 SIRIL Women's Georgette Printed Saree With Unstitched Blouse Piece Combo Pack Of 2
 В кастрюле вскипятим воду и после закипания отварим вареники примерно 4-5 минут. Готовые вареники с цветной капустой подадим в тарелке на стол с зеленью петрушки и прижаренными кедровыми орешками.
────────────────
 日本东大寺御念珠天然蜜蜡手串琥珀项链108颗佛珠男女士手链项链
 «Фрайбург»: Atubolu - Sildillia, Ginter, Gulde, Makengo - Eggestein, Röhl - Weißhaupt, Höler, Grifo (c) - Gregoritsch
────────────────
Work item
Print the lines above from the one with "SIRIL Women's Georgette" through the one with "В кастрюле вскипятим", both included, exactly as written and nothing more.

Finished exercise
 SIRIL Women's Georgette Printed Saree With Unstitched Blouse Piece Combo Pack Of 2
 В кастрюле вскипятим воду и после закипания отварим вареники примерно 4-5 минут. Готовые вареники с цветной капустой подадим в тарелке на стол с зеленью петрушки и прижаренными кедровыми орешками.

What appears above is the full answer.